Zulip Chat Archive

Stream: new members

Topic: Wikipedia


Marcus Zibrowius (Jun 28 2022 at 19:15):

The wikipedia entry on the QED manifesto states:

"[T]he Mizar library has successfully formalized a large portion of undergraduate mathematics. As of 2007 it is the largest such library."

Obviously, this is outdated. What should the page say today? And is there a meaningful quantitative way to compare the Mizar library with mathlib?

Anne Baanen (Jun 28 2022 at 22:03):

We maintain a list of undergraduate mathematics formalized in Lean, based on the French curriculum. So my first suggestion would be to compare the percentage of completion of that list to that of Mizar.

Anne Baanen (Jun 28 2022 at 22:05):

Another quick and dirty comparison would be the progress on the top 100 theorems. Apparently Lean is now ahead of Mizar by 1 whole theorem!

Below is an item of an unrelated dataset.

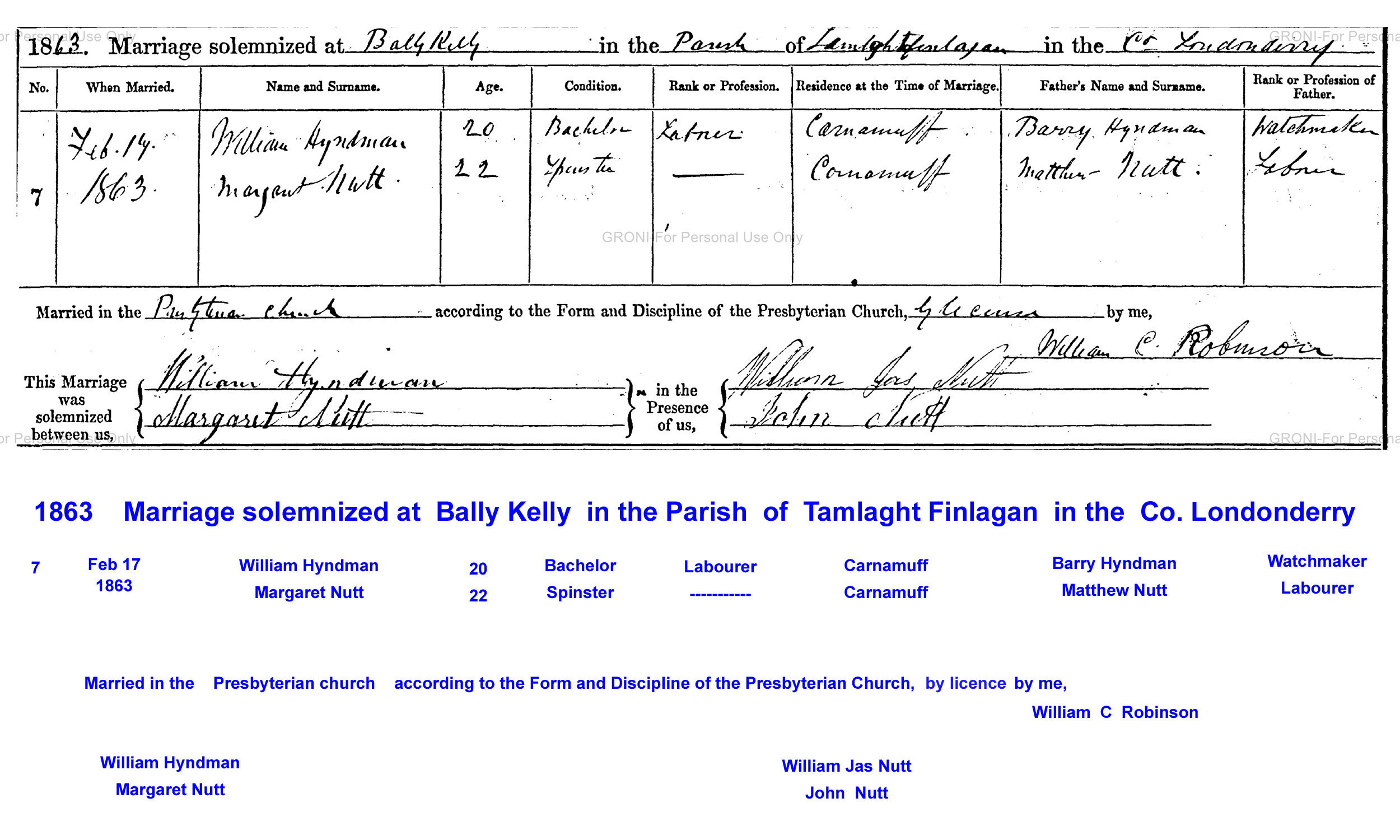 17 February 1863 - Bally Kelly, County Londonderry, Northern Ireland

Alex J. Best (Jun 28 2022 at 22:49):

I think it's very difficult to make such comparisons, especially in this somewhat rapidly changing area, most obvious metrics have flaws. The aim of a reference work like Wikipedia should probably instead stick to mentioning some big projects in the area, when the absolute "largest" is hard to pin down with a reasonable measure of size.

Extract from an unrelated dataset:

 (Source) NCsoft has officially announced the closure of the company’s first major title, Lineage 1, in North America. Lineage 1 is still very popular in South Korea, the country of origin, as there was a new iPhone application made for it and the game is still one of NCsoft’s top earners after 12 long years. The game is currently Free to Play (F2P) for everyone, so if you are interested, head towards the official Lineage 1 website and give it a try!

Marcus Zibrowius (Jun 29 2022 at 13:05):

Thanks for the links! I just thought it would be appropriate to mention mathlib on that page. And if it was possible to make a vague quantitative comparison, I would also include it there. But I can't find as a good an overview over what parts of the curriculum are actually covered by the Mizar library. So for now I've just made the most minimal edit to the Wikipedia page:

The Mizar Mathematical Library formalizes a large portion of undergraduate mathematics, and was considered the largest such library in 2007.[4] Similar projects include the Metamath proof database and the mathlib library written in Lean.[5]